Спустившись утром в гостиную, Сара обнаружила Диму в середине комнаты сидящим на полу. Неудобная на первый взгляд машинная поза, которую андроид считал наиболее устойчивой, называлась позой лотоса. Сара считала это чисто техническими причудами искусственного интеллекта, ведь куда удобнее было заниматься за столом, сидя в кресле или на табурете. Но Дима ее мнения не разделял, поэтому Сару в который раз ждали несколько белых подушек, на которые она с покорным видом уселась, заметно пошатнувшись и зевнув.

Казалось, зачем ей учить такие вымершие ветви научного знания, как философия и история? Ни в одной школе Аранона эти предметы не преподавали, поскольку в них полностью отпала всякая необходимость благодаря единой базе данных со всей возможной информацией, которую можно было разместить в сменяемых накопителях памяти в голове. К тому же, как и в случае с памятью умерших, память о былых временах тоже считалась запретной для повседневного обсуждения. Обсуждение прошлого означало недовольство настоящим, что считалось недопустимым для их современного общества. На всех уровнях жизни должны были думать только о текущем и будущем. И все же Джордан настаивал на этих занятиях, как когда-то настаивал его дед, а до него его прадед и так далее. Обучение вымершим наукам проходило в строго закрытом режиме, с разрешения Совета Архонта и только для его членов. Иными словами, отвертеться от этих уроков Сара не могла при всем желании.
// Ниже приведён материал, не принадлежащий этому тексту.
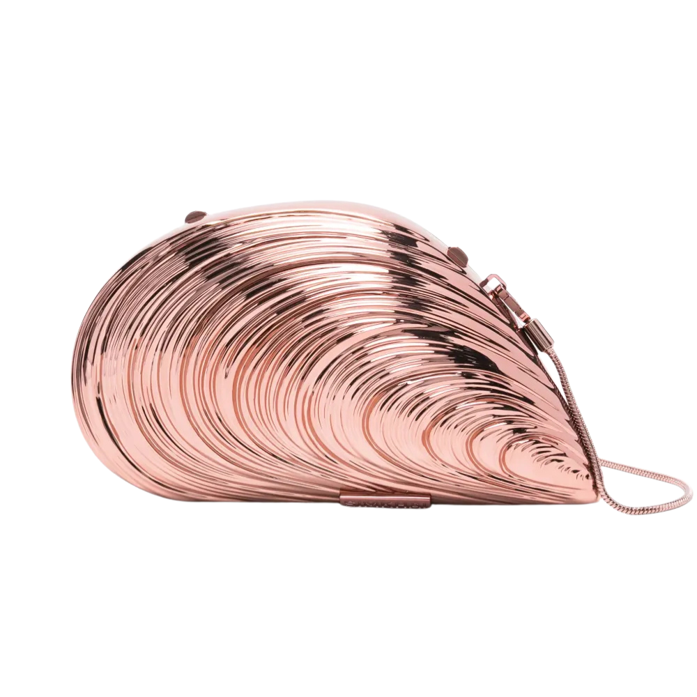 Simhkai Bridget Oyster Clutch heeft letterlijk de vorm en glans van een oesterschelp. De metallic roségouden afwerking doet denken aan parelmoer en reflecteert het licht net als een schelp in de zon. Het golvende reliëf versterkt die oceaan-vibe en maakt van deze tas een echte statement piece. Perfect voor een zomerse bruiloft, een chique avondje uit of een strandfeest.
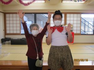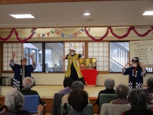 歌に合わせて、職員が考えた振り付けを、ご利用者様全員で踊りました。その後、ジェスチャーゲームで、おおいに盛り上がりました。栄養士の手作りケーキを食され、「美味しかった~」と笑顔が一杯です。
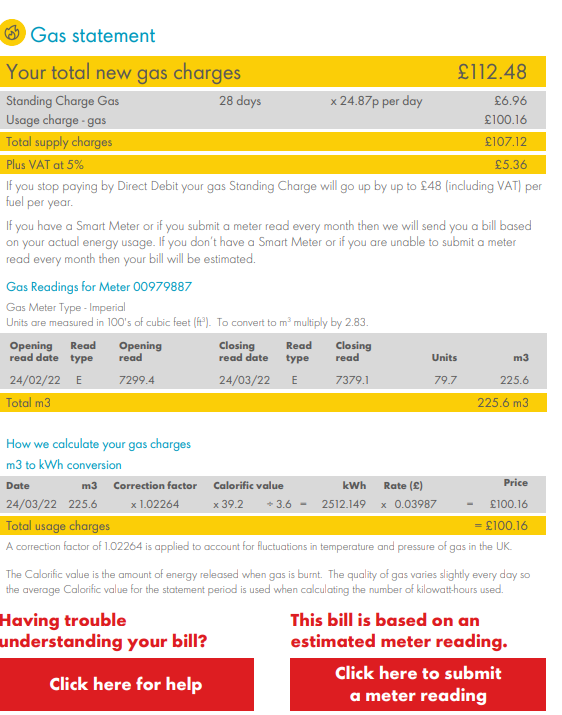 I only just realised your meter is cubic feet. So the conversion to m3 is missing. This adds another £220 to the gas cost up to end of March plus £185 from April to 16/06/22.
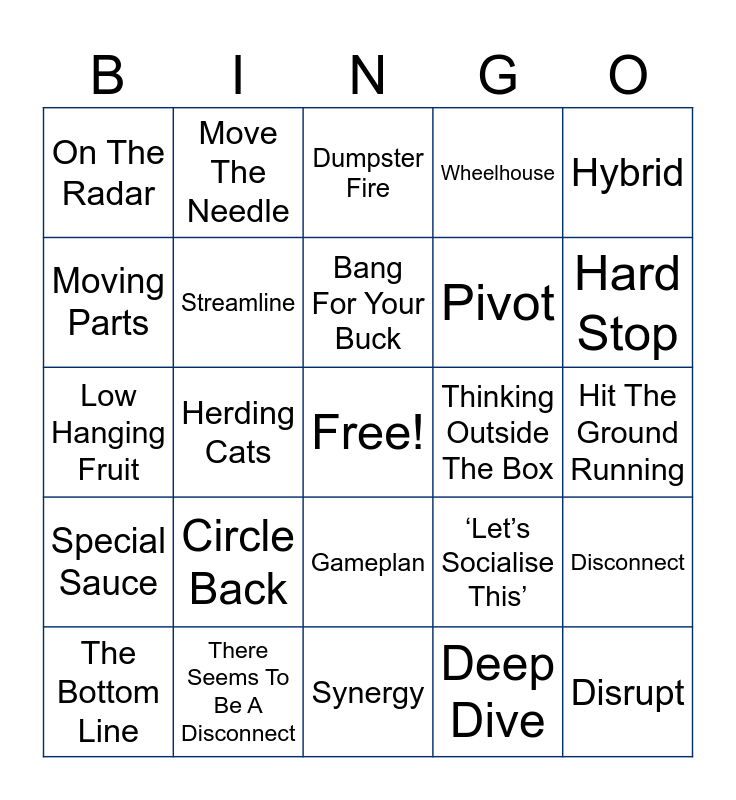 This bingo card has a free space and 42 words: Bandwidth, Bang For Your Buck, Cadence, Circle Back, Deep Dive, Disconnect, Disrupt, Ducks In A Row, Dumpster Fire, Gameplan, Hit The Ground Running, Hard Stop, Herding Cats, Hybrid, Looping In, ‘Let’s Socialise This’, Leverage, Low Hanging Fruit, Mission Critical, Move The Needle, Moving Parts, Northstar, Offload, On The Radar, Optics, Pain Points, Pivot, Proactive, Quick Win, Quiet Quitting, Reinvent The Wheel, Special Sauce, Streamline, Synergy, Take This Offline, The Bottom Line, There Seems To Be A Disconnect, Thinking Outside The Box, Unpack, Up The Ladder, Wheelhouse and Win-Win.
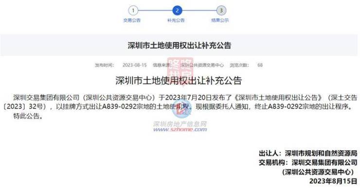 8月15日,交易中心发布公告,龙华A839-0292宗地终止交易。
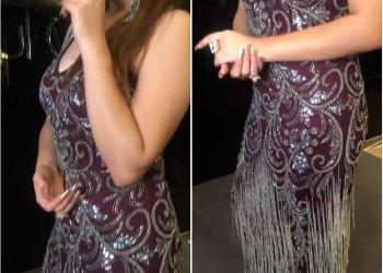 ВЕЧЕРНИЙ ДЛИННЫЙ САРАФАН-СТРЕЙЧ С БАХРОМОЙ ИЗ БИСЕРА, РАСШИТ БИСЕРОМ И ПАЙЕТКАМИ ВРУЧНУЮ ЛУЧШИМИ ИНДИЙСКИМИ МАСТЕРАМИ.
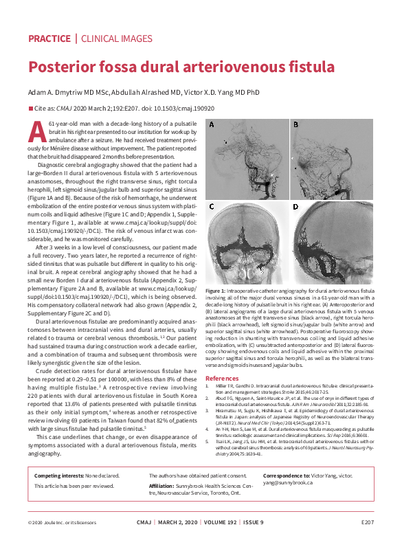 (PDF) Posterior fossa dural arteriovenous fistula | Adam A Dmytriw ...
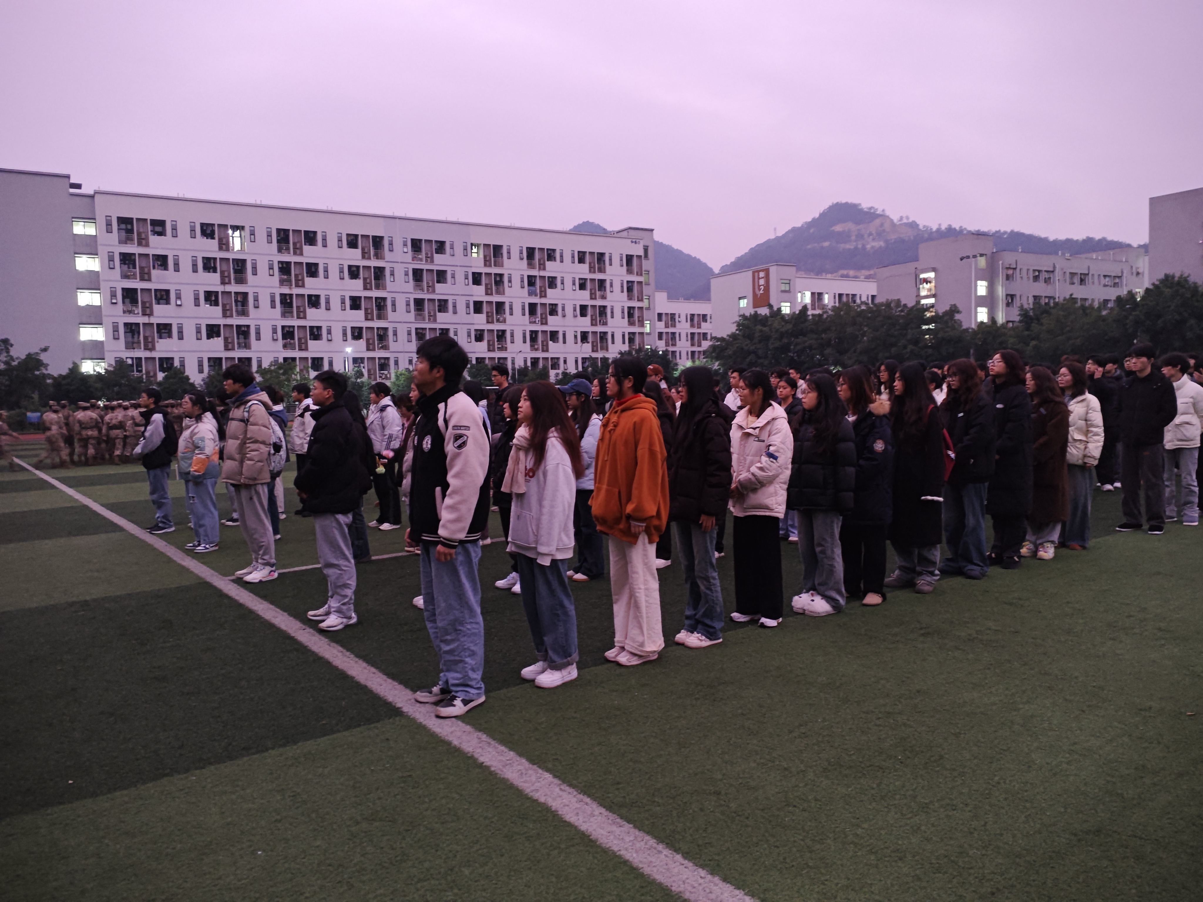 “铭记历史,吾辈当自强。”智能制造学院于12月9日7:20举行了升旗仪式。出席本次升旗仪式的有智能制造学院副院长陈成瑞,党总支书记刘达斌,学生科副科长、团委书记李剑斌,思政教师兼职辅导员张康伟以及2023级辅导员和全体同学。
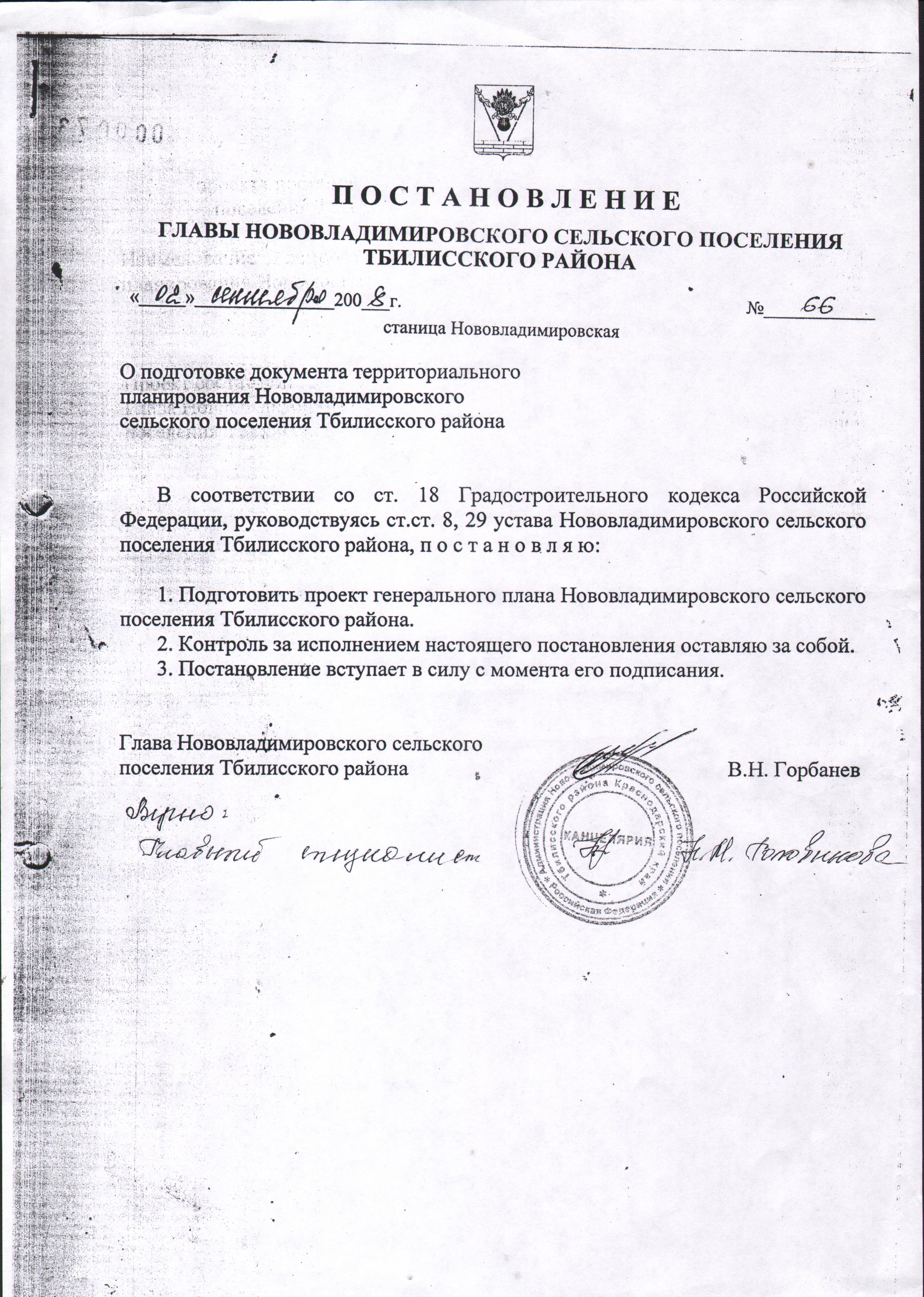 Постановление главы Нововладимировского сельского поселения Тбилисского района от 02 сентября 2008 года № 66 "О подготовке документа территориального планирования Нововладимировского сельского поселения Тбилисского района" |
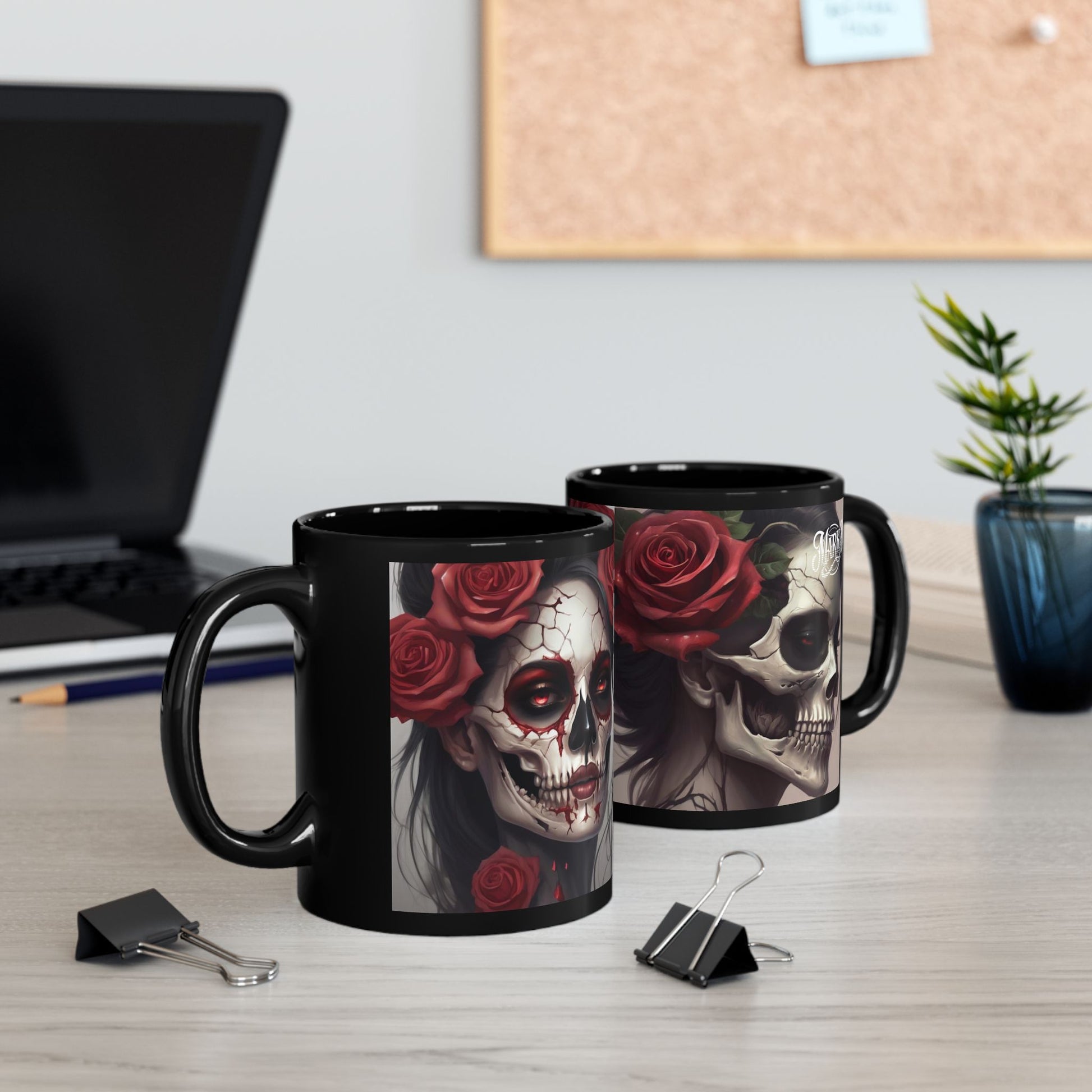 This uniquely designed black mug adds a touch of mystery and intrigue to your daily routine. Perfect for coffee lovers and tea enthusiasts alike, it serves as a bold statement piece while providing ultimate functionality. With a glossy finish and vivid colors, each sip feels like an experience, making it ideal for cozy mornings at home or productive days at the office. Whether you're celebrating a special occasion like Halloween, gifting a friend who appreciates dark fantasy art, or simply indulging in your illicit afternoon tea, this mug enhances any moment. It's perfect for adults who enjoy expressing their unique style through their everyday items.

Еще с раннего детства Сары, установив у нее полное отсутствие какого-либо энтузиазма учиться, Дима проанализировал наиболее удобный формат обучения и выбрал самый ненавязчивый и интерактивный. Сидя друг напротив друга, Дима и Сара вели разные беседы, в которых не приходилось зубрить какие-то определения или теории. Они просто обсуждали темы, которые выбирал Дима, и Сара по мере своего желания записывала их беседу в свой планшет. Вытащив из кармана планшет, Сара растянула экран до нужного размера, улеглась на подушки и включила проецирование клавиатуры прямо на пол перед собой.

Молчание Димы показалось ей странным не сразу. Дима порой настаивал на том, что не начнет занятие, пока Сара не приведет себя в приличный вид, умоется и переоденется. Этим утром Сара поленилась причесываться, но была так самоуверенна, что меланхолично заявила, не глядя на Диму:

– Причешусь, когда голова понадобится для красоты, а не для ума…

Дима не отреагировал. Сара подняла на него хмурый взгляд. Дима как будто не слушал ее и смотрел прямо перед собой. Лишь незначительные движения его глаз свидетельствовали о том, что он все еще функционировал.

– Дима? – позвала Сара, наклонив голову на бок. – Ты что, завис?

Зеленый свет в глазах андроида быстро замигал, после чего он поспешно натянул на губы учтивую улыбку.

– Доброе утро, Сара, – сказал Дима. – Я подожду несколько минут, чтобы ты привела себя в порядок.

Сара сощурила глаза.

– А ты сам в порядке? – недоверчиво спросила она.

Дима явно задумался над причиной такого вопроса.

– Ты просто застыл на месте… О чем ты думал? – поинтересовалась Сара, не скрывая своего любопытства.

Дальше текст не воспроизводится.